*Your instructions:* Range to copy from the entries below: the line containing "ダンゴむし〜!! 相変わらず、踵体重。 挙げろと言っても1歩2歩。" through the line containing "ЕАБ (ЕвроАэроБетон) |", inclusive. Retype only those lines, exactly, without any images.
*** Material shown Section Begins ***
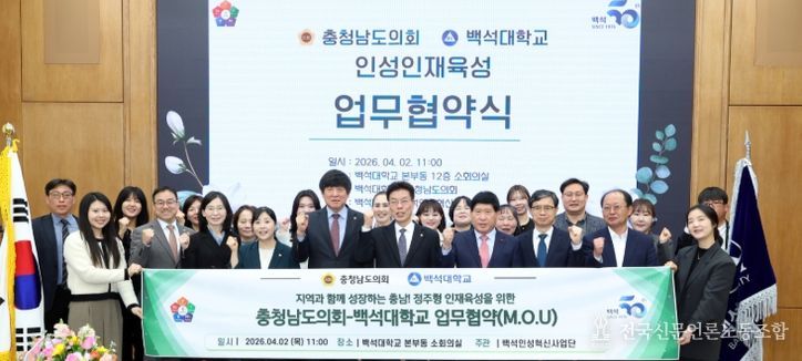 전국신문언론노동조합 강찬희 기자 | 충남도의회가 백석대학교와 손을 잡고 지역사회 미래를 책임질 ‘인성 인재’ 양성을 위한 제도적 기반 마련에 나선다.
*** Material shown Section Ends ***
*** Material shown Section Begins ***
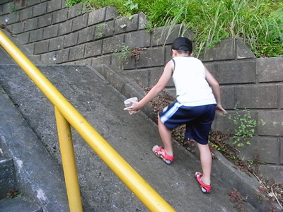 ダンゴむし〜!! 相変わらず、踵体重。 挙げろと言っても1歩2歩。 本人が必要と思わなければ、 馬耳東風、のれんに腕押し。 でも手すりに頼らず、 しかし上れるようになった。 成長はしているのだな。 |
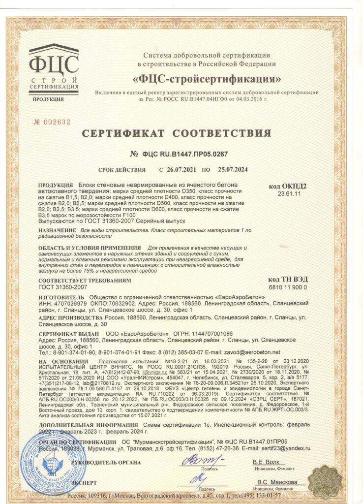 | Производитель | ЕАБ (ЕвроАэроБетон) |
*** Material shown Section Ends ***
*Written response:*
 ダンゴむし〜!! 相変わらず、踵体重。 挙げろと言っても1歩2歩。 本人が必要と思わなければ、 馬耳東風、のれんに腕押し。 でも手すりに頼らず、 しかし上れるようになった。 成長はしているのだな。 |
 | Производитель | ЕАБ (ЕвроАэроБетон) |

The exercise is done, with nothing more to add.